--- Raw data Enclosed Below ---

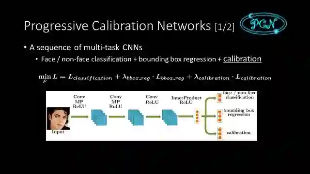 在CVPR 2015上提出了Cascade CNN人脸检测方法,即通过级联多个CNN逐步过滤非人脸样本。之后提出的MTCNN对Cascade CNN改进,将分类、边框回归、特征点三个任务合并,利用不同任务相关性实现多任务学习提升性能。Cascade CNN、MTCNN算法在竖直人脸检测上可以实现出很好的效果,但在旋转不变人脸检测上仍有提升空间。我们的PCN由CNN级联组成,这点借鉴于Cascade CNN。PCN中的每一级CNN都是一个多任务网络,同时学习人脸非人脸判别、边框回归、旋转角度校准三个任务。
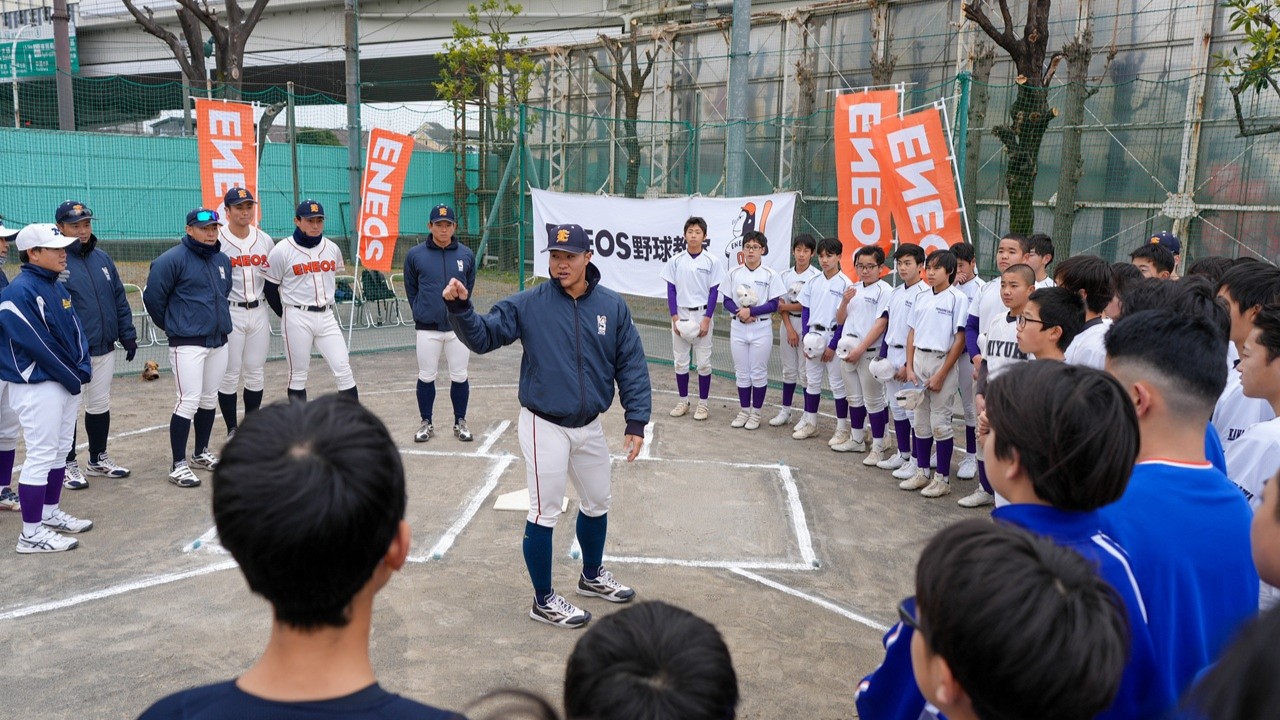 ENEOSグループはグループ行動基準の一つとして「市民社会の発展への貢献」を掲げています。ENEOS野球部はこの行動基準に基づき、「スポーツ・文化の振興」「次世代選手の育成」「地域社会への貢献」を目的に小学生・中学生・高校生を対象とした野球教室を毎年開催しています。野球教室ではENEOS野球部の現役選手が、野球の楽しさや魅力を伝えながら、基礎的な技術指導を行っています。今年度は、ENEOSグループの製油所や活動拠点を中心に全国11か所で実施しました。
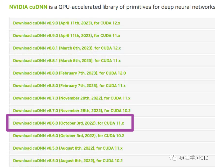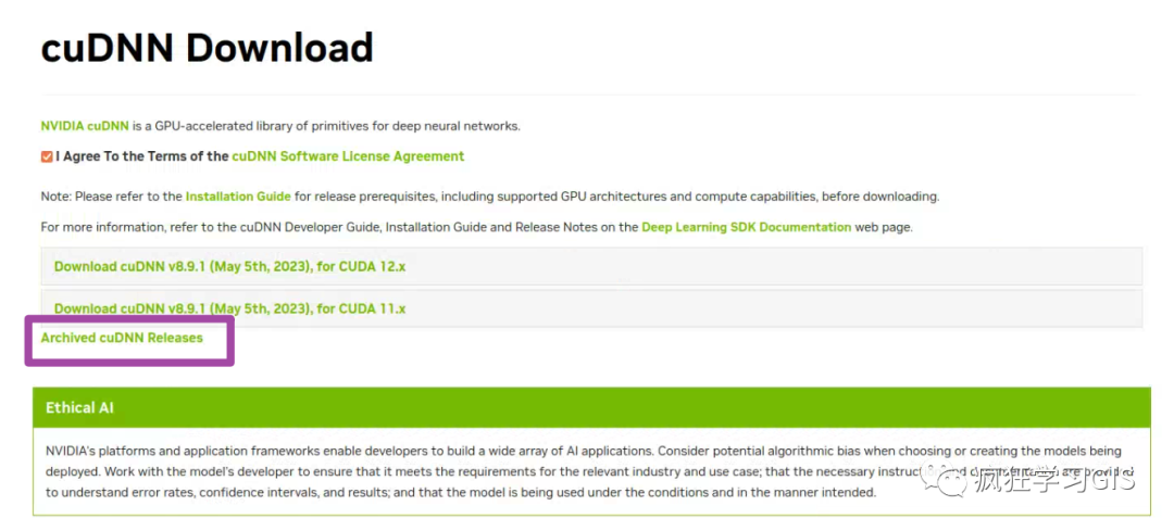 随后,我们在网站中找到对应版本的cuDNN。这里需要注意,如果我们需要的cuDNN版本并不是最新的,那么就需要在下图中“Archived cuDNN Releases”选项中找到老版本。
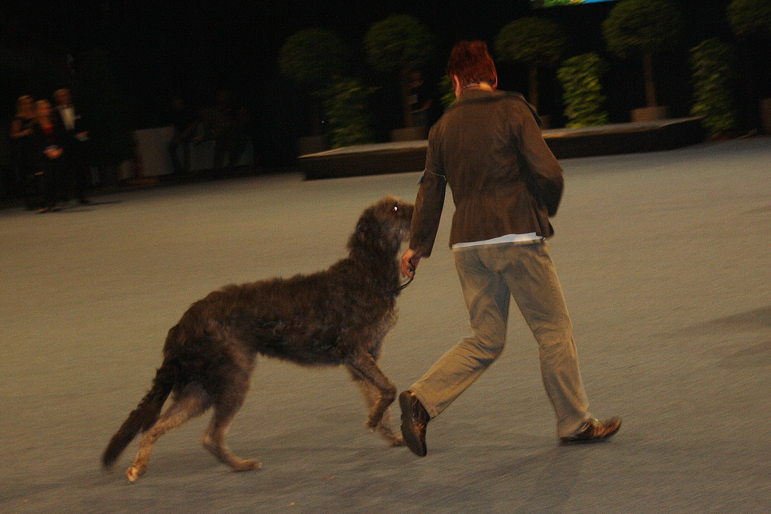 als één van de eerste groepen in de erering verschijnen. Bij de ingang van de voorkeurring was het een gigantische chaos. Ontzettend veel exposanten stonden daar al te wachten met hun honden en al hun hebben en houwen. Zowel honden als mensen vlogen elkaar in de haren, wat een toestand! Aanvankelijk was er maar één persoontje dat uit deze chaos de juiste honden op tijd in de voorkeurring probeerde te krijgen maar gelukkig kwam er hulp van een exposante met een zeer luide stem die de hele mensenmassa bereikte. Wat was ik blij toen ik eenmaal met Coney in de voorkeurring stond, hier hoefde ik haar niet meer te beschermen tegen opdringerige reuen en snauwende teven. Na een rondje erering, waarvan Coney duidelijk genoot, mochten we er aan de andere kant weer uit. Groep 10 was natuurlijk weer als laatste aan de beurt. Toen ik met Calhoun bij de voorkeurring kwam was het er gelukkig een stuk rustiger. De keurmeester voor groep 10 was Rafael de Santiago. Hij bekeek de hounds nauwkeurig in de voorkeurring maar hun gangwerk konden ze daar niet goed tonen. Het was jammer dat de Greyhound achter mij stond want in de erering liep de eigenaresse, een zeer bekende exposante/fokster/keurmeester zo dicht op Calhoun dat hij iedere keer omkeek en hierdoor uit balans liep. Maar ach, hij had toch geen kans, de prachtige Zweedse Saluki; Shiraz California Dreamin’ belandde op de eerste plaats maar het bevreemde mij dat de koehakkige met flaporen getooide Ierse Wolfshond wel werd geselecteerd.
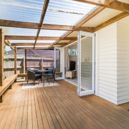 The main residence features 2 bedrooms, a separate lounge with a wood burner, a heat pump in the hallway, a fully separate kitchen with dining area and a private bathroom. Fresh new carpet throughout enhances the modern and inviting feel of the home. Bifold doors from the lounge open onto a covered front deck, providing excellent indoor-outdoor flow for entertaining or relaxing with family.
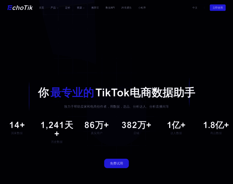 EchoTik(TikTok电商数据助手)致力于帮助卖家和电商创作者,通过数据实现智能选品、达人分析、直播间分析。
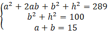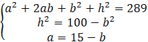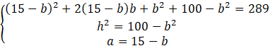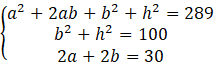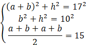Rozwiąż układ równań z trzema równaniami, w których jest zawarta zależność między odcinkami a, b i h. Rozwiąż ten układ równań i podaj długości podstaw tego trapezu.

--- End of Enclosed Raw data ---

Action item: The lines from the one containing "EchoTik(TikTok" to the end of the material must be output exactly, both ends included; no picture may appear.

Your solution:
 EchoTik(TikTok电商数据助手)致力于帮助卖家和电商创作者,通过数据实现智能选品、达人分析、直播间分析。
Rozwiąż układ równań z trzema równaniami, w których jest zawarta zależność między odcinkami a, b i h. Rozwiąż ten układ równań i podaj długości podstaw tego trapezu.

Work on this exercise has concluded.